# Coral banded shrimp died while molting?



## xosux (Aug 22, 2008)

Hi,
This morning my coral banded shrimp was on it's back not moving but it's fin things by it's mouth was moving like normal. The back half of it's exoskeleton was gone and both pincers fell off. It did move a little before i left but not much. Some history, i've had it for one and a half years and the water perams are the same then and now. A week ago i bought a fluval fx5 for my 55 gallon tank ( and a 20 gallon refugium ) it works good but puts out a lot of little bubbles all the time. Can the bubbles have killed it and not the other inverts in my tank. Yesterday i went and bought fluval pre filter and some polyester fiber to put in the fx5. I cleaned and rinsed good with ro+di water before putting it in and that puts us up to this morning. Could it be the pre filter or polyester fiber? Any help will be appreciated.

Edit: Update on the little bubbles i have a skimmer that put's out on top of the fx5 return and it is putting the bubbles in and getting spread around.


----------



## TheOldSalt (Jan 28, 2005)

I doubt the bubbles had anything to do with it. Moulting is a risky time for shrimp, especially in aquaria. If the diet or water is lacking in, or too rich in, certain minerals it can cause the process to fail. Moulting shrimps can be used like coal-mine canaries in this way, being a good first indicator that something is wrong. It might be time for a big water change.


----------



## xosux (Aug 22, 2008)

I now think that could be the problem after you said water change. I usually do 5 gallon a week but i was on vacation for 2 weeks so they only got to eat while i was gone. I then did a 15 gallon change but that was 3 weeks ago. Since then i've my normal 5 gallon a week change. This should be good for a 55 gallon tank correct?


----------



## TheOldSalt (Jan 28, 2005)

Not exactly. 
If you always change 10% each week, then you are really changing less & less each week as you wind up changing new water from the previous week. 
A 10% change this week effectively becomes a 9% next week, and then less and less and less each subsequent week. It's not worth doing the math to figure it out exactly, ( _although it HAS been done here in this site_ ) but the the main thing to remember is to make bigger changes at least monthly to make up for this.
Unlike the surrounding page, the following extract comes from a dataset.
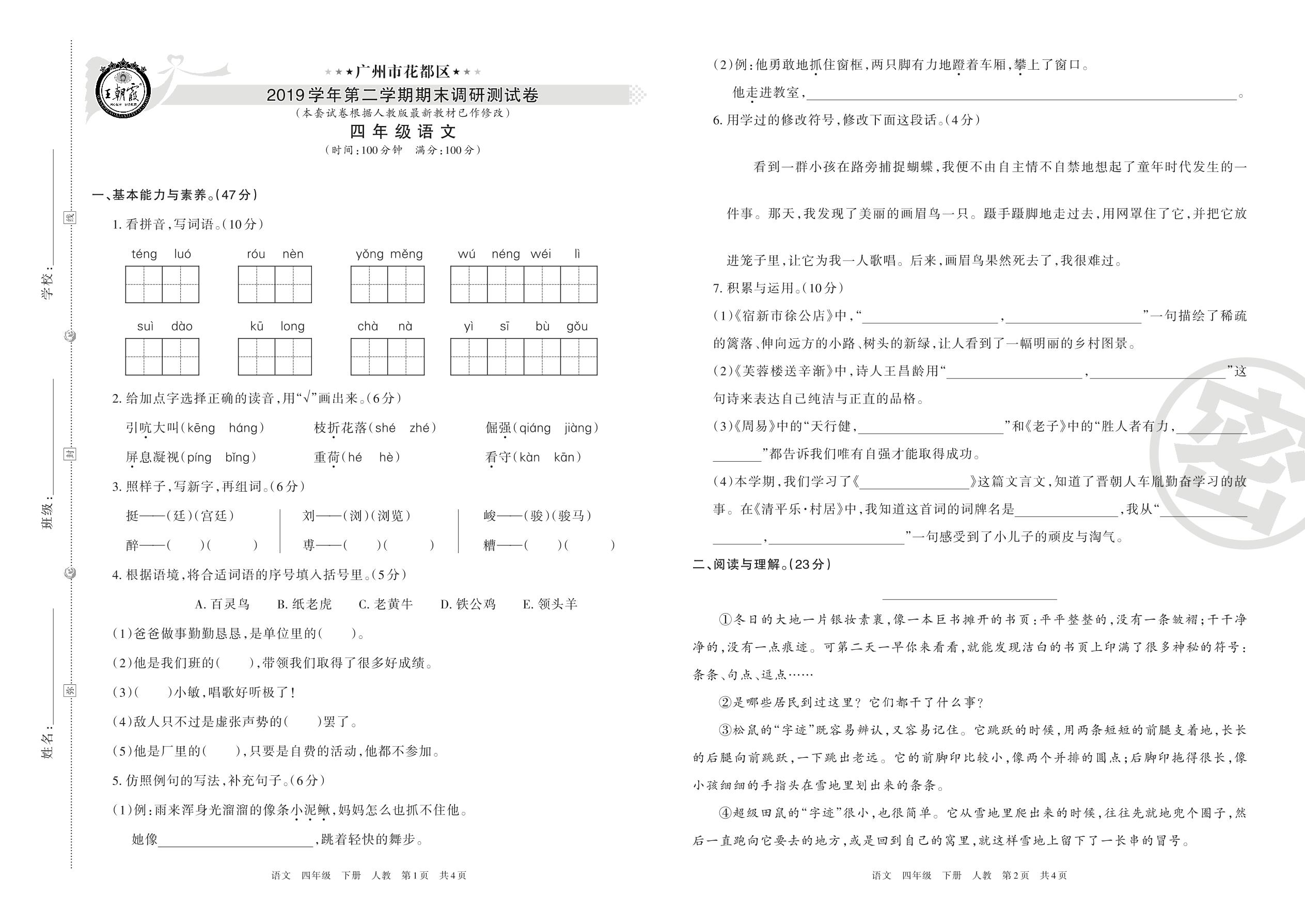 广州市花都区2019学年第二学期期末调研测试卷四年级语文

Anyway, without calcium, magnesium, and iodine tests and such, there's really no telling just exactly what happened. Just make sure to add a good Ca & Mg supplement regularly and feed your inverts well to help prevent this problem in the future, along with making better water changes.


----------



## xosux (Aug 22, 2008)

So do not do 5 gallon a week but do the 20% a month instead? My LFS said smaller weekly is better than large monthly for the fish. Thanks for your help.


----------



## xosux (Aug 22, 2008)

I just did some research and is it true their lifespan is 1-5 years? If so then mine lived a good life because it was full grown when i got it 2 1/2 years ago.


----------



## xosux (Aug 22, 2008)

I think i figured it out not. After getting back from vacation my RO+DI was 5ppm so i put new DI in and back to 0ppm. Only a few weeks later and I tested my RO+DI and it was 48ppm after DI and almost 200 before. This meens the DI was taking almost half since my water is almost 500ppm tap ( i know very hard water since it comes from an underground lime and calcium river ). I guess the membrane got messed up not being used for 2 weeks. I just flipped the switch and rinsed the membrane for 1 hour and boom back to 40ppm after membrane and 0ppm after DI. I 99.9% sure that did it since it was molting its body absorbed the contaminates way faster. Man that pisses me off i've put about 30 gallons of this in a 55 gallon tank in a few weeks. Now i will need to do major water changes over the next few days to correct it some. 
Thanks


----------